Due to the high use of materials, precision and exclusivity, bulk drives are more expensive than board players.
Due to the use of solid material, under certain circumstances a "bell effect" or "ringing" can occur when playing.
Due to the design, a ground drive is suitable for the optional use of record clamps or additional weights (pucks), which additionally press a record onto the turntable. This means that the record is more level. This should also increase the smoothness.
Portable turntables appeared in the 1950s. Initially, it was a matter of handy devices that only offered space for 7 " singles , later mostly a structurally particularly large radio recorder in which the record was inserted from the front through a flap or from above through a slot. This was made possible by the tangential technology There were also turntables that were meant to be built into the car.
The aim of these devices was to be able to use your own record collection on the go without having to transfer the vinyl records to tapes. The high price (well over 100 DM at the time) and the weight prevented market success. In addition, there was competition from ever smaller portable cassette players such as the Walkman .
Around 1960, hybrid devices that combined turntables and tape recorders came on the market. The English company Gramdeck brought a tape adapter for turntables onto the market in 1959, while the English Gramophone Company offered a record player as an attachable accessory for their Voicemaster tape recorder in 1961.
For some time now there has also been a vinyl recorder with which one can record records without pressing them - here the records are cut themselves, no templates for pressing tools.

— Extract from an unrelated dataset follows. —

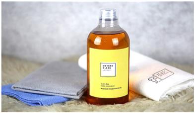 ① ぬるま湯に洗剤と消臭添加剤を入れてよく混ぜます。

The ancestors of this device were the home foil cutting devices with 78 min⁻¹ released in the 1950s, but due to the high needle noise they could not hold their own against the early home tape recorders.
In addition to the usual mechanical scanning with needles, a record can be optically scanned without contact. Laser turntables use a laser beam and are located in the high-end area.
Another alternative is the software-supported "scanning" of a high-resolution optical digitized material in a computer. This method is used in the reconstruction of historical sound recordings.
Among other things, the record player SP 3935 produced by RFT in the late 1980s has a speed adjustment ( pitch control ) and a stroboscopic display for control.